The University of California at Berkeley is home to a storage project that has a breathtaking vision. OceanStore provides a consistent, highly-available, and durable storage utility atop an infrastructure comprised of untrusted servers.
The project has been underway for some years and has an infrastructure of research studies and papers and downloadable code.
The project overview says that any computer can join the infrastructure, contributing storage or providing local user access in exchange for economic compensation. Users need only subscribe to a single OceanStore service provider, although they may consume storage and bandwidth from many different providers. The providers automatically buy and sell capacity and coverage among themselves, transparently to the users. The utility model thus combines the resources from federated systems to provide a quality of service higher than that achievable by any single company.
OceanStore caches data promiscuously; any server may create a local replica of any data object. These local replicas provide faster access and robustness to network partitions. They also reduce network congestion by localizing access traffic.
We must assume that any server in the infrastructure may crash, leak information, or become compromised. Promiscuous caching therefore requires redundancy and cryptographic techniques to protect the data from the servers upon which it resides.
OceanStore employs a Byzantine-fault tolerant commit protocol to provide strong consistency across replicas. The OceanStore API also allows applications to weaken their consistency restrictions in exchange for higher performance and availability.
A version-based archival storage system provides durability which exceeds today's best by orders of magnitude. OceanStore stores each version of a data object in a permanent, read-only form, which is encoded with an erasure code and spread over hundreds or thousands of servers. A small subset of the encoded fragments are sufficient to reconstruct the archived object; only a global-scale disaster could disable enough machines to destroy the archived object.
The OceanStore introspection layer adapts the system to improve performance and fault tolerance. Internal event monitors collect and analyse information such as usage patterns, network activity, and resource availability. OceanStore can then adapt to regional outages and denial of service attacks, pro-actively migrate data towards areas of use and maintain sufficiently high levels of data redundancy.
Many components of OceanStore are already functioning in isolation. A complete prototype is currently under development.
PowerPoint presentations and many technical papers are available for inspection from the project's URL. A key aspect of it is global-scale persistent storage with local access. This will be achieved through:
- A “planetary-scale” information utilities infrastructure which is transparent and always active
- Extensive use of redundancy of hardware and data devices that negotiate their interfaces automatically
- Elements that tune, repair, and maintain themselves. (Shades of IBM's autonomic computing idea and HP's adaptive infrastructure here)

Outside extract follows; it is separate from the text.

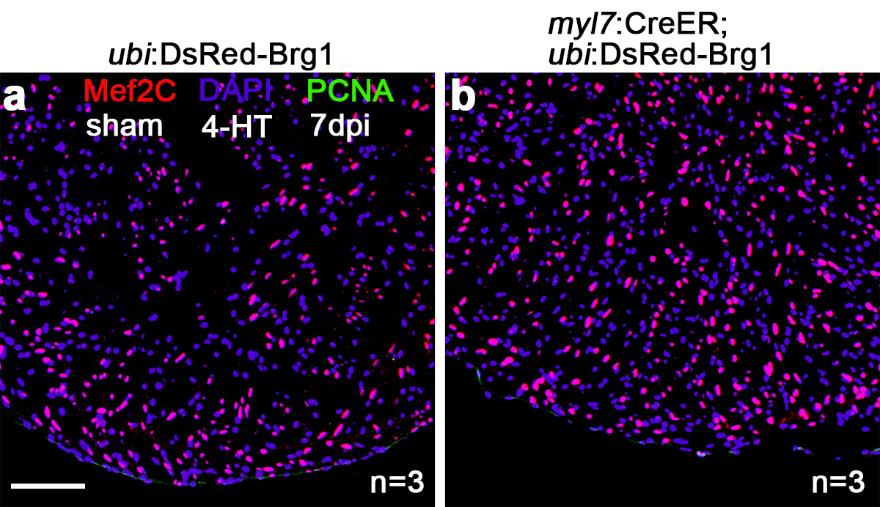 Cardiomyocyte-specific overexpression of brg1 is not sufficient to induce myocyte proliferation. PCNA+/Mef2C+ proliferating cardiomyocytes were not increased in uninjured Tg(myl7:CreER; ubi:loxP-DsRed-STOP-loxP-Brg1) transgenic hearts (b) compared with uninjured control Tg(ubi:loxP-DsRed-STOP-loxP-Brg1) hearts (a). Hearts were induced by tamoxifen for 24hr, and 7 days post inducement paraffin heart sections were costained for PCNA (green), Mef2C (red) and DAPI (purple). n=3; Scale bar, 100μm.

The project's concept involves ideas such as:-
- Computing everywhere: Desktop; Laptop; Palmtop; Cars; Cellphones; Shoes? Clothing? Walls?
- Services provided by interior of network with incredibly thin clients on the leaves
- Mobile society: people move and devices are disposable
This might strike you as a collection of glib ideas, it could be a Sun presentation. This glibness continues with ideas such as the 20th-century tie between location and content being outdated; wide scale disaster recovery; transparent computing being the ultimate goal with computers disappearing into the background.
In the storage context we:-
- Don’t want to worry about backup
- Don’t want to worry about obsolescence
- Need lots of resources to make data secure and highly available, but don’t want to own them
- Outsourcing of storage is already becoming popular (oh, yes?)
- Pay monthly fee and our “data is out there”
The scope and scale of the concepts involved could come out of a science fiction book, but Berkeley has produced the BSD Unix distribution and does have academic street cred.
The OceanStore concept is staggering in scope, both staggering in the breadth and depth of its ideas, and also as a concept that is wobbling from side to side because of the impracticality and unreality of it.
There are research papers galore with wall-to-wall academic organisation credentials. It is hard to know how serious this project is, or how influential. Certainly it hits many buttons but the idea of setting up a global storage utility infrastructure much like the Internet, while superficially attractive, is fraught with obvious implementation difficulties. Perhaps we need the US DOD to have a DARPA-like pilot project on which a working infrastructure could be developed. Any such effort is a decade or more away from fruition.
OceanStore might be a straw in the wind but it is confirmation of the way the storage wind is blowing stronger and stronger.